She wipes the water from her face with a grimace,  then looks over at Preveza. The Seadra is flopping back and forth on the shore a bit helplessly, but is focused dead on Daremyth with a sharp expression. The Igglybuff smiles slightly. Preveza's just lying there, a completely open target for any attacks. This'll be easy. She points towards Preveza and concentrates, forming a large, audibly crackling ball of electricity in front of her. Preveza makes a worried noise as Daremyth releases the energy in a wide arc.. completely missing her target and landing in the water, just in front of the waterfall. Preveza doesn't really want to expend the energy to flip over and see the results, but the burst of static she can hear as the electricity runs off into the water sounds nasty enough.

Preveza decides that she definitely doesn't want to deal with that much electricity, if she can help it. She closes her eyes and relaxes, going completely limp, to Daremyth's confusion. Preveza mentally presses into the Igglybuff's mind, going into her opponent's recent memories and putting a mental block over her most recent attack, blocking off Daremyth's access to the memory of how to call up the crackling ball of electricity. She retreats back into her own mind and opens her eyes, glaring a challenge at Daremyth.
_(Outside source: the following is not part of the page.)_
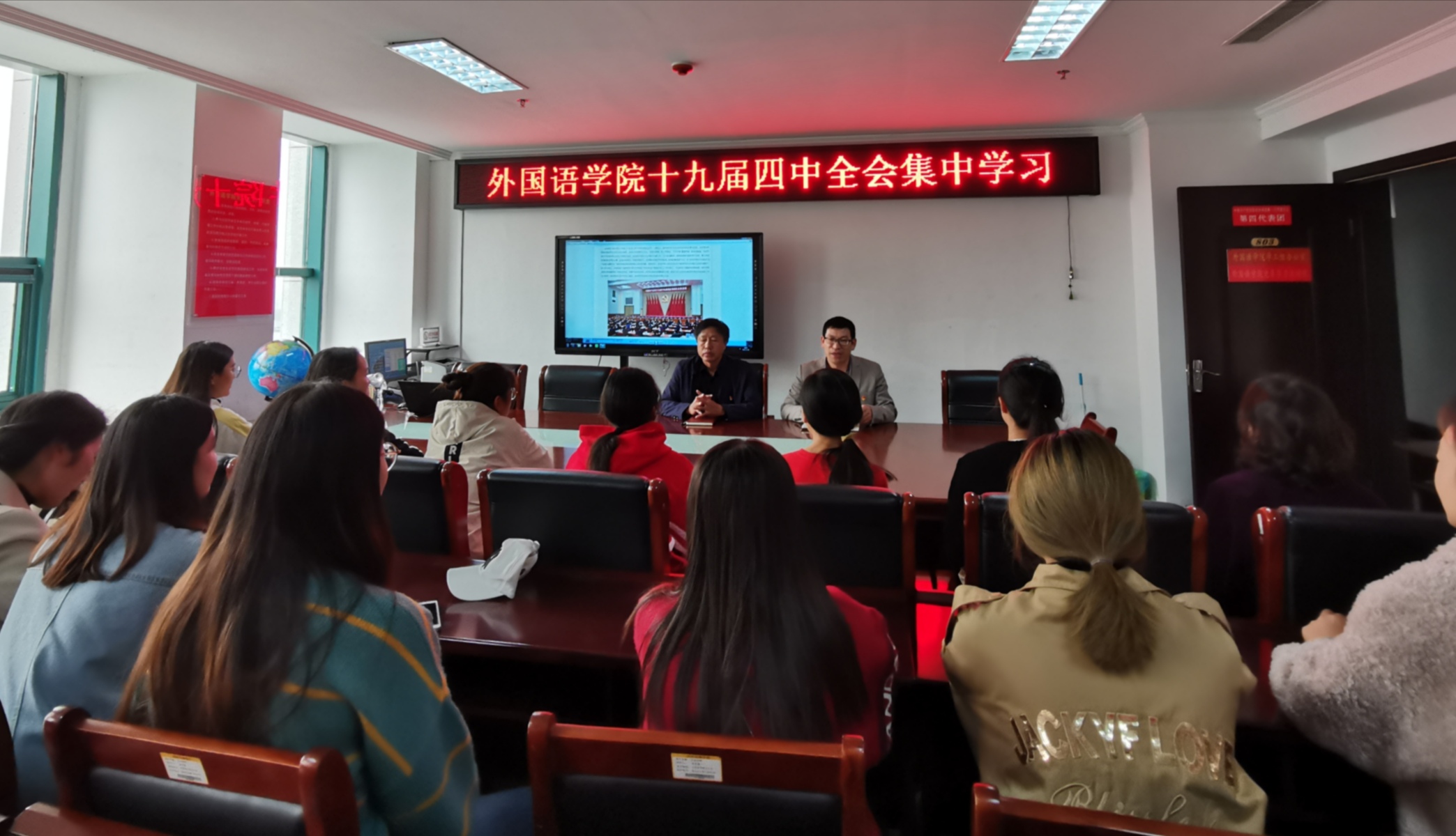 为深入学习贯彻十九届四中全会会议精神,11月6日上午,外国语学院于院办803召开学习党的十九届四中全会精神专题学习会,会议由我院党总支书记张志强主持,院党总支副书记吴宏及部分教工党员和学生党员参加了学习会。

Daremyth, meanwhile, is something of an amateur psychic herself, so when she feels Preveza's mental intrusion she immediately tries to put up her defenses. And yet.. Daremyth can't really tell what Preveza _did_ in her mind, but she feels like she's forgetting something. With a worried expression, she tries to focus and create another ball of electricity in front of her, but finds she.. can't. Daremyth starts to panic a bit. What did Preveza do? Was she broken now? Would she never be able to make huge balls of electricity again? Daremyth wails, and runs over to Preveza to express her concern. She intends to go punch the stupid Seadra in the face, but trips over her feet and ends up launching herself headfirst at her opponent. Preveza huffs as Daremyth hits her right in the chest, but the Igglybuff is likely in just as much pain, having fallen right on her face.
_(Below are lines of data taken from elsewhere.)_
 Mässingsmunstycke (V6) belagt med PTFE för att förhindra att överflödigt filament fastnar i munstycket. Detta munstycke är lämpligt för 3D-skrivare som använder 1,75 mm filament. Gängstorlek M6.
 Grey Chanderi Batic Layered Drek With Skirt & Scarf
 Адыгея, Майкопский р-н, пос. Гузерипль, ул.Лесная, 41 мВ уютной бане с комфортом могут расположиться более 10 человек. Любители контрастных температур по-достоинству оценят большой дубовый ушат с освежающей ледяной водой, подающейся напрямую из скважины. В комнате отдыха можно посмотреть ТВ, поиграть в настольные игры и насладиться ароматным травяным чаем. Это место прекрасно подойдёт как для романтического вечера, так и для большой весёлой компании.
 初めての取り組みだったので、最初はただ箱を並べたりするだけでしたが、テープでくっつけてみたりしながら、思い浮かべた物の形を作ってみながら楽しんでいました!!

Preveza looks up in surprise as she suddenly feels herself getting lighter. It's an odd feeling, and she almost jerks herself upright as she gets used to her original weight once again. Preveza makes a pleased trilling noise, and shuts her eyes as  tightly as they'll go. Her body starts to take on a bright orange aura, and as Daremyth gets off the ground with a groan, Preveza trills and surges forwards with a strong push of her tail. Preveza rams into Daremyth head-first, and with a choked noise, the Igglybuff goes flying across the cavern floor. Preveza makes a taunting noise as the orange aura around her fades and she sinks back to the ground, a bit anti-climactically.

Daremyth pushes herself back to her feet with a pained breath. This kind of sucked, actually. She had a lot more bruises than she expected to get from this battle, and she was getting smacked around.. by a fish? This was unacceptable. She tries to summon the electricity from the air again, before she realizes that she still _can't_ for whatever reason, and looks around in panic. What should she do now? Should she just.. stand here? Daremyth makes a face, then decides at the very least she can go over and hit the Seadra a bit for headbutting her across the room. Daremyth takes a deep breath, then runs towards Preveza again. And yet again, she trips over her feet in the same spot as last time, going flying headfirst towards the Seadra and landing flat on her face, herself. Preveza makes an amused noise as her opponent gets back to her feet, backing away with an embarrassed expression. Preveza was just lying there, and she still couldn't hit her properly? 

Metallica Fanboy (OO)
 ()
[Daremyth] F <Cute Charm> 
*Health:* 26% 
*Energy:* 65%  
*Status:* Not pleased.
Light Screen is active (1 action remaining). Zap Cannon is disabled (1 action remaining). 
-1 Accuracy.
*Zap Cannon (miss) ~ Struggle ~ Struggle*

Eta Carinae (OO)
 (
[Preveza] F <Sniper>
*Health:* 15% 
*Energy:* 13% 
*Status:* In good spirits, but tiring quickly. 
Pumped up.
*Surf (crit) ~ Disable ~ Giga Impact*​
Notes
-Gravity returned to normal at the beginning of the third action.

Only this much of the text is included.